The distinction of not owning any hardware, sharing economy companies would like customers and regulators alike to believe, should make all the difference when it comes to the law. Except, it doesn’t—at least not yet. The fact remains that Uber and Airbnb have built multibillion-dollar empires by operating in places where they are illegal, and so they are turning political to protect themselves.
Jesus. As you know, I’ve been basically supportive of the efforts to revamp Houston’s vehicle for hire ordinances. I believe the existing taxi industry does not adequately serve the whole city, I believe there is room for the market to grow with the new services, and I think Houston’s emerging image as a dynamic place to live would benefit from including the newcomers and would suffer from excluding them. But as I’ve also said, Uber in particular has done an amazingly effective job of alienating the people they should be courting, with their decision to go rogue and start operating as if they’d been approved even though they’re still not legal, thus putting their drivers and potentially their customers at risk while utterly disregarding the concerns of the existing players.

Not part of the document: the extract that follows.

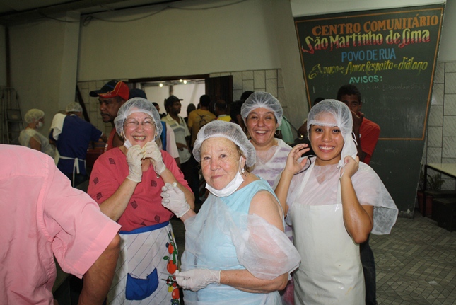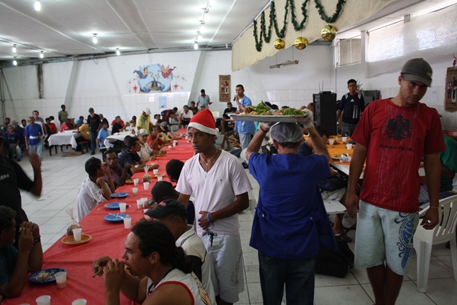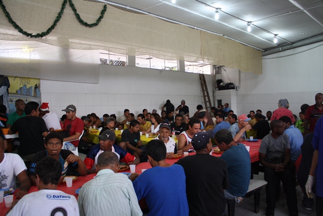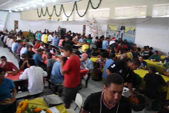 Mais de 750 pessoas comemoram o Natal com o tradicional almoço no Centro Comunitário São Martinho de Lima do Povo da Rua. A refeição tinha como ingredientes principais o carinho, amor e o voluntariado (e não menos importante, os frangos doados). Saia um grupo, outro chegava e as bandejas com os pratos (bem cheios) iam sendo distribuídos.

I’ve marveled more than once at how a company with that much venture funding, and that much at stake because of it, could be so cavalier about the process that will ultimately determine whether or not they get to do business in a given city. I suppose this is one answer to those questions.
(Side note: While I have generally lumped Uber and Lyft together in these discussions, it strikes me that Uber has been by far the worse actor of the two. Lyft has also had drivers charging for rides, but they followed Uber’s lead, and overall my impression is simply that they’ve been less obnoxious, at least as far as I can see. Maybe there’s more going on that I haven’t seen, but this is how it looks to me.)
One has to wonder if Uber and its allies are self-aware enough to realize the potential for political consequences, in particular for undermining their own efforts. Campos made an interesting observation last week:
H-Town City Council takes next week off then comes back after the Fourth of July. I am thinking the next big issue before them is the vehicle-for-hire ordinance. Let me say again that I don’t have a dog in this hunt. That being said I’m thinking don’t put your money on the Uber and Lyft movements. First of all I think they have pi__ed off folks here in H-Town by operating illegally. Second of all I think they have been completely outflanked by the disabilities community. Uber and Lyft don’t have an answer to their concerns. Thirdly, their demographic isn’t a political force in our burg – they don’t vote. Fourthly, Uber and Lyft don’t have any roots in our community and that has to count for something – don’t you think? Stay tuned!
I’ve generally been of the opinion that Council would accommodate the newcomers, at least in some fashion, but I’ve also said that there isn’t much of an early indicator how the vote will go. What I do know is that if this turns into a partisan fight, the Republican side is outnumbered. Counting CM Costello, who isn’t much of an R these days but who is a self-proclaimed supporter of Uber and Lyft, there are seven Rs out of 17 votes on Council (Mayor Parker gets a vote, too), so at least two crossovers would be needed. That could certainly happen, but most other large cities are predominantly Democratic, and I don’t think having Grover Norquist and Marco Rubio as Uber’s champions will do them much good in those environs. But hey, they’re obviously so much smarter than the rest of us, so I’m sure they know what they’re doing.